One thing to note is that increasing the client YCSB threads from 16 to 32
actually decreased the differential from the single threaded pool, so 8 worker
threads x 32 HTable instances was likely losing some performance due to client
thread contention. For clusters with highly concurrent clients (like webapps),
it may be advantageous to tune down the "hbase.htable.threads.max" value from
the default of "# of region servers". A future improvement could be to allow
use of a shared, configurable thread pool as well.
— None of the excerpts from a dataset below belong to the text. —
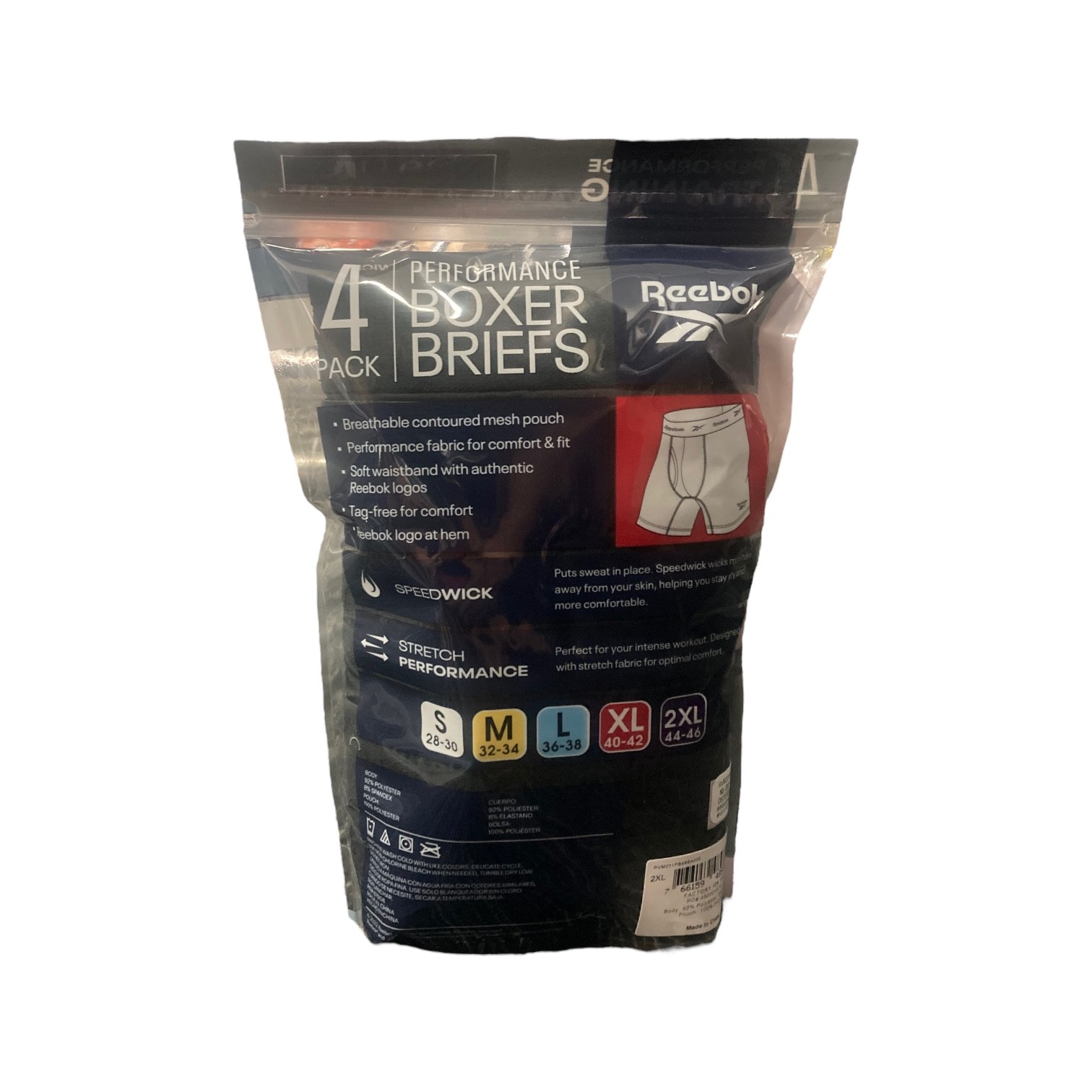 Reebok Men's Speedwick Stretch Performance Boxer Brief, 4 Pack Black, S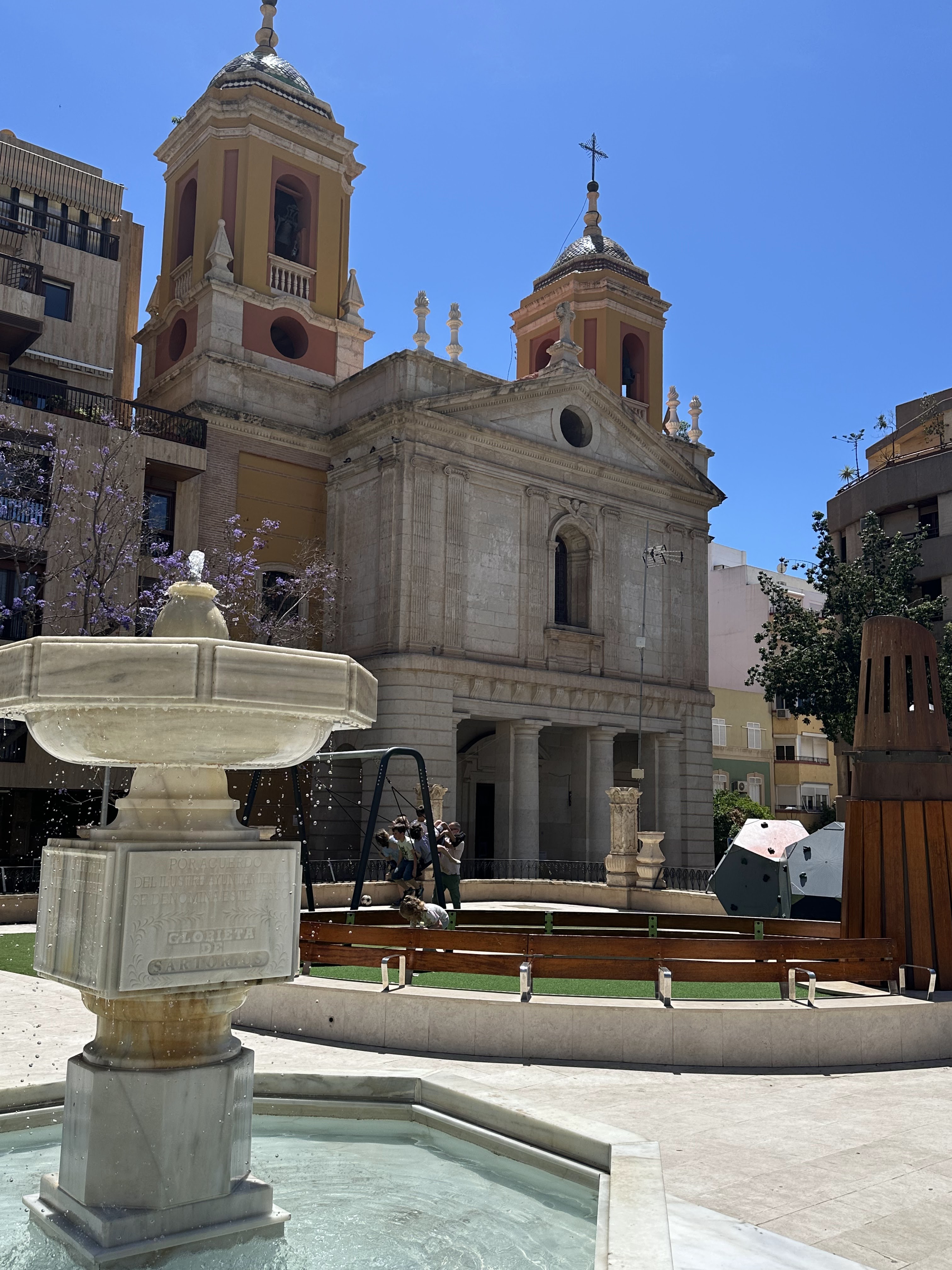 Aunque algo «alejado» del apto. (800 m/10 min.andando), bajamos por la calle Real hasta el Parque Nicolás Salmerón; bonita fachada la de la Casa Ferrera en la misma esquina ambas calles…. y a desayunar a La Favorita. https://grupolapita.es/la-favorita/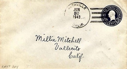 | Hand cancellation: "JAMESTOWN, CALIF. JUL 7 1941". |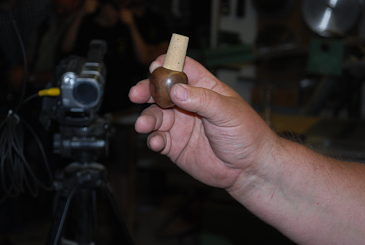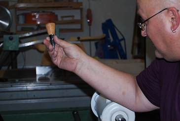 Und so spendiert er dem armen, kleinen Korkerl einen schönen, gedrechselten Griff.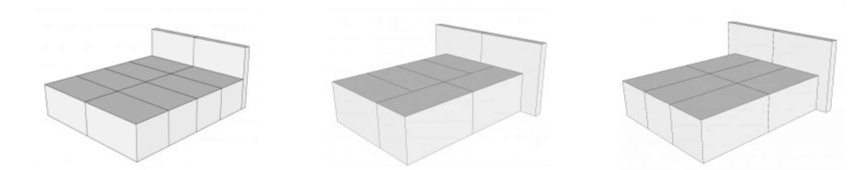 Da ein Schlafzimmer größer ist als das andere, können Sie unsere Bettgrößen leicht anpassen. Eine naheliegende Lösung besteht darin, die separaten Kopfteile wegzulassen, wodurch 10 cm Länge eingespart werden. Aber es gibt noch eine andere praktische Lösung ! Wenn Sie die Kartons des Bettes um eine viertel Umdrehung kippen, wird das Bett etwas höher, aber auch etwas kürzer. So können Sie bis zu 20 cm in der Länge variieren!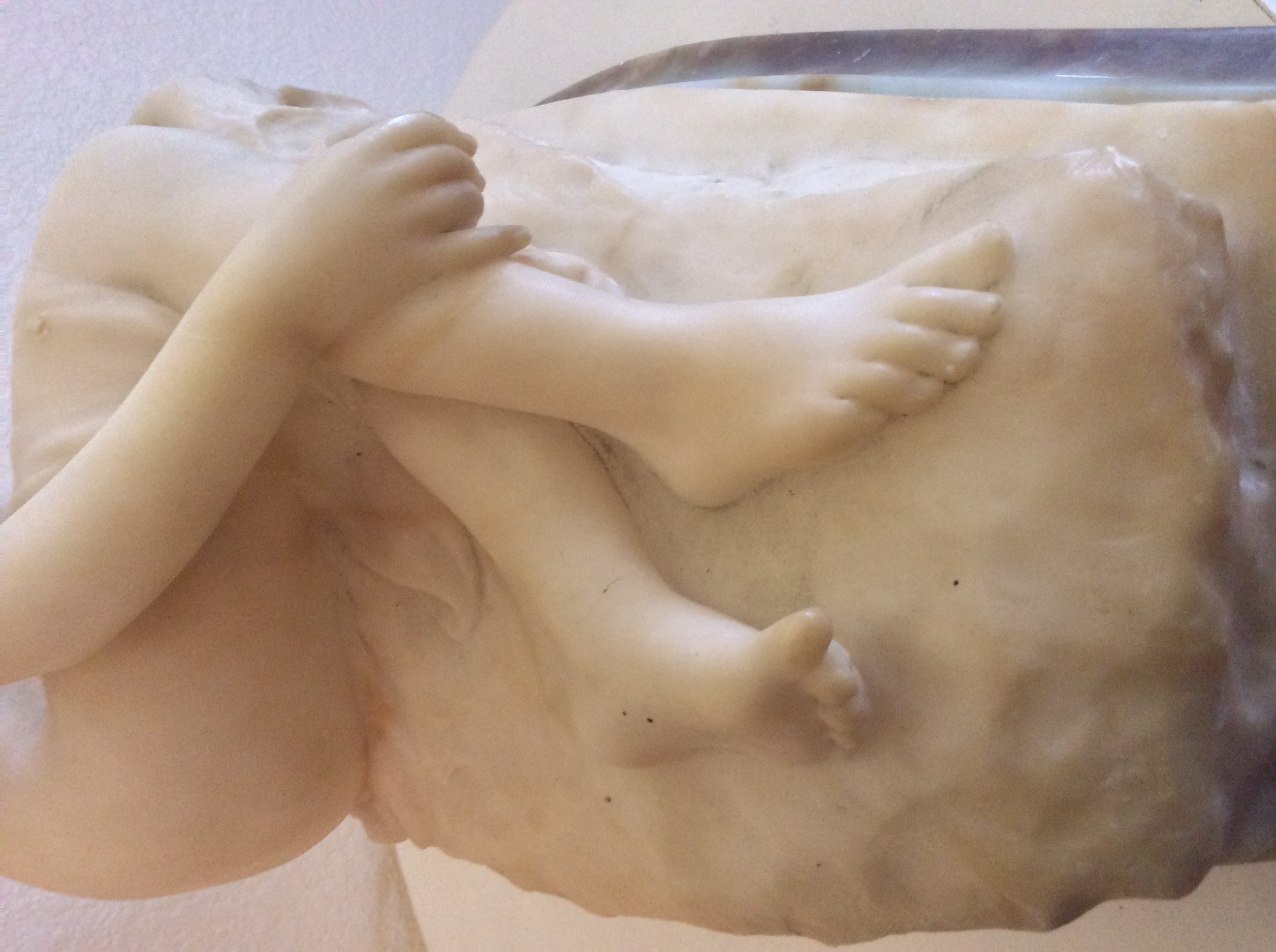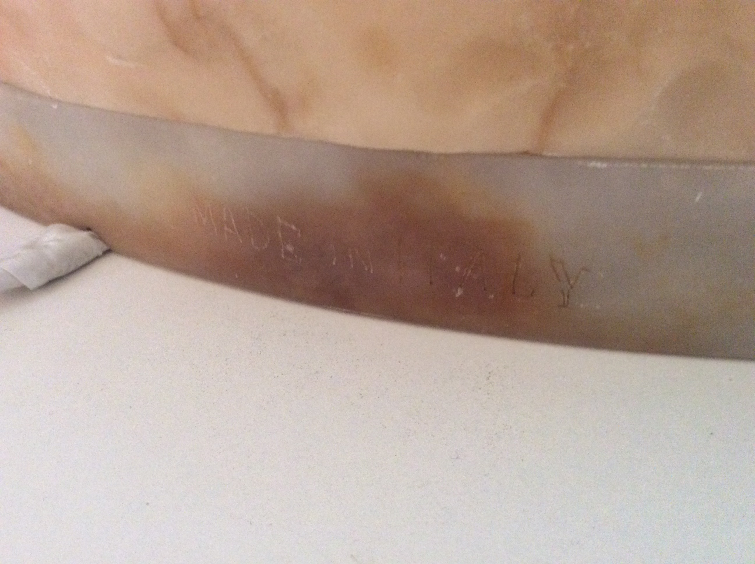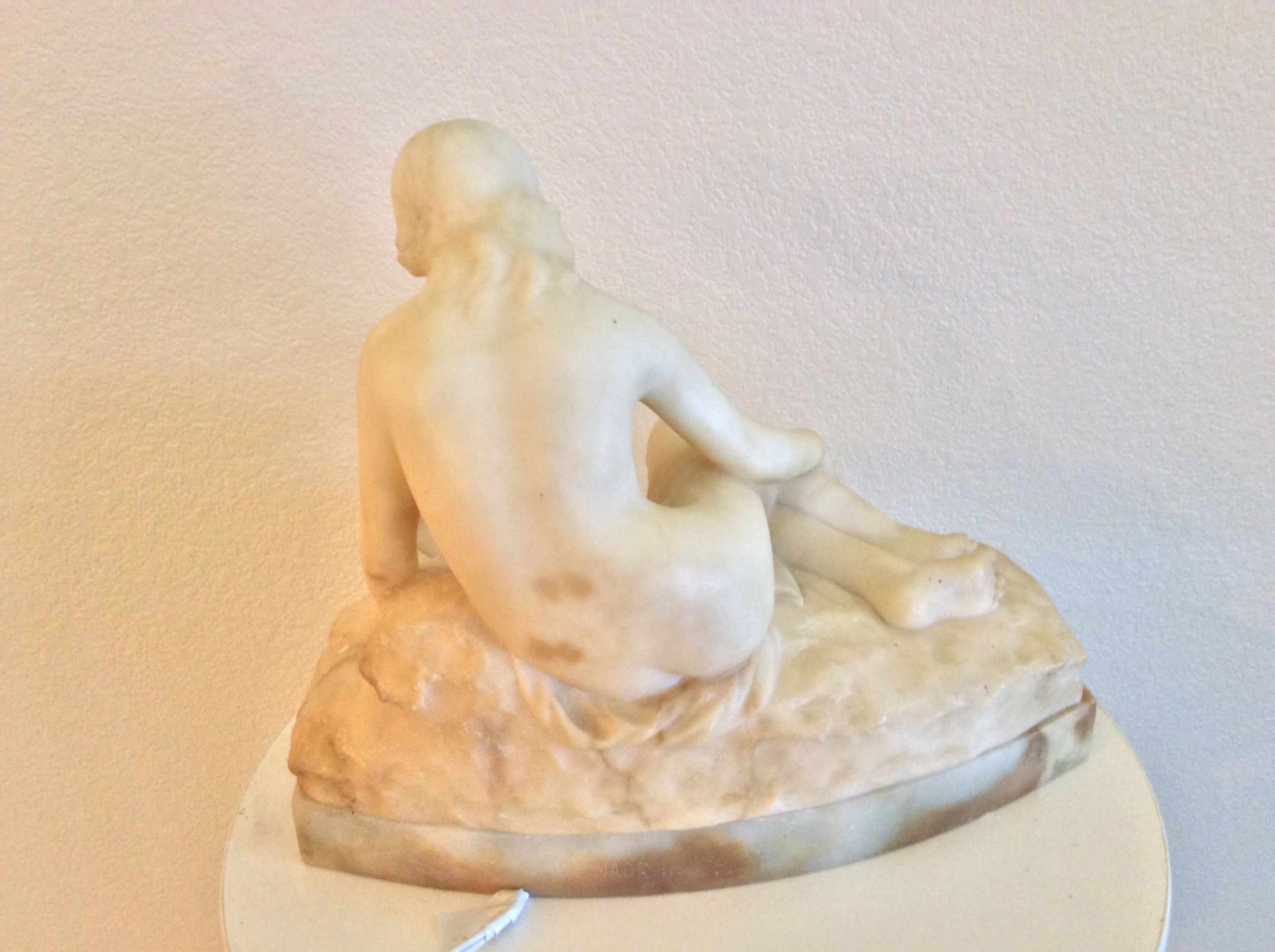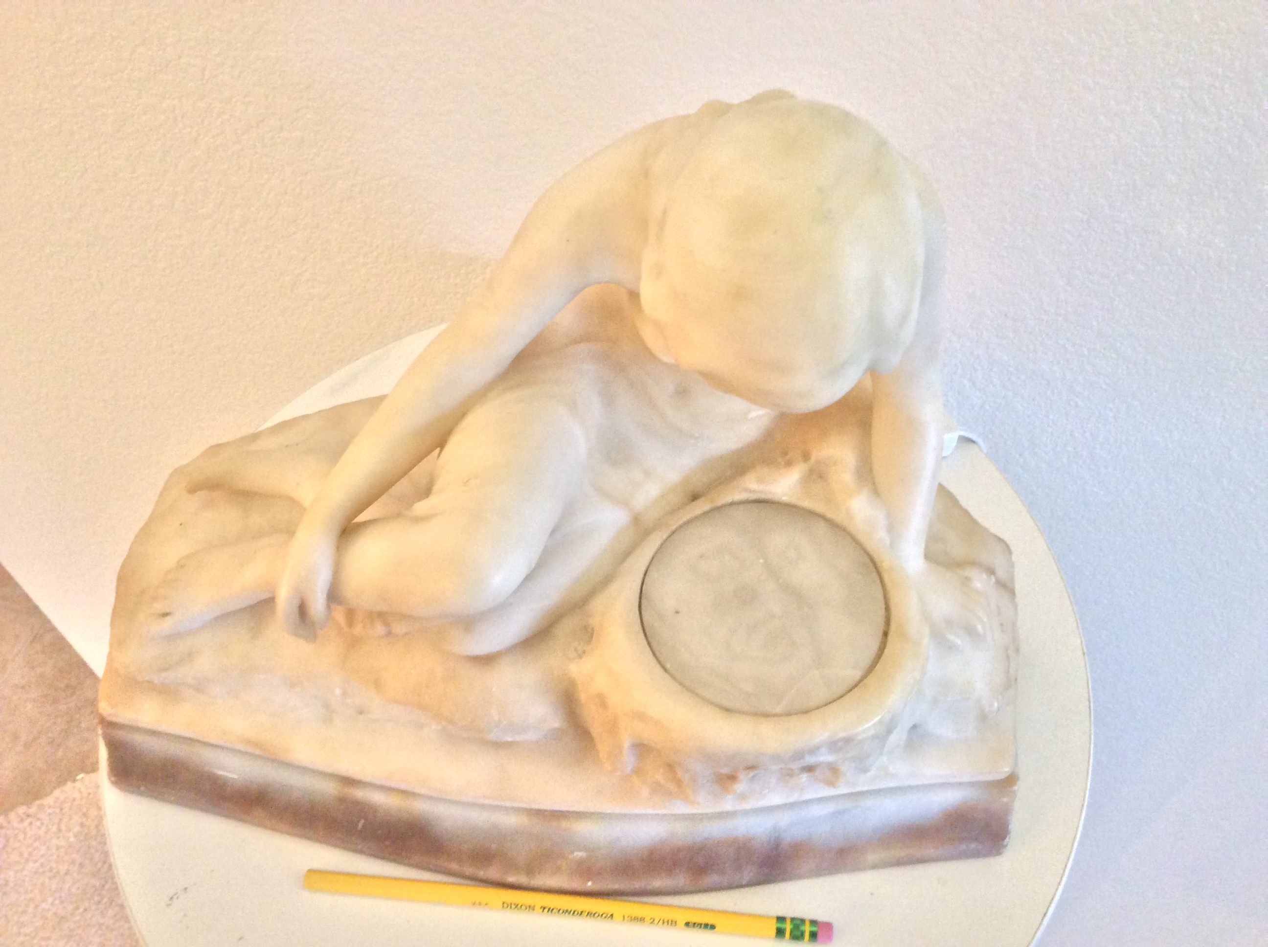 Sculpture was inherited, it appears to be marble, has "made in Italy" carved on the back. It is a female, semi- nude, in repose. She is gazing into what appears to be a well. The well lights up - I remember as a child my parents had the cord and light restored.

> number of active threads in HTable's ThreadPoolExecutor
> -------------------------------------------------------
>
> Key: HBASE-3553
> URL: https://issues.apache.org/jira/browse/HBASE-3553
> Project: HBase
> Issue Type: Improvement
> Components: client
> Affects Versions: 0.90.1
> Reporter: Himanshu Vashishtha
> Fix For: 0.90.2
>
> Attachments: ThreadPoolTester.java, benchmark_results.txt
>
>
> Using a ThreadPoolExecutor with corePoolSize = 0 and using
> LinkedBlockingQueue as the collection to hold incoming runnable tasks seems
> to be having the effect of running only 1 thread, irrespective of the
> maxpoolsize set by reading the property hbase.htable.threads.max (or number
> of RS). (This is what I infer from reading source code of ThreadPoolExecutor
> class in 1.6)
> On a 3 node ec2 cluster, a full table scan with approx 9m rows results in
> almost similar timing with a sequential scanner (240 secs) and scanning with
> a Coprocessor (230 secs), that uses HTable's pool to submit callable objects
> for each region.
> I try to come up with a test class that creates a similar threadpool, and
> test that whether the pool size ever grows beyond 1. It also confirms that it
> remains 1 though it executed 100 requests.
> It seems the desired behavior was to release all resources when the client is
> done reading, but this can be achieved by setting allowCoreThreadTimeOut to
> true (after setting a +ve corePoolSize).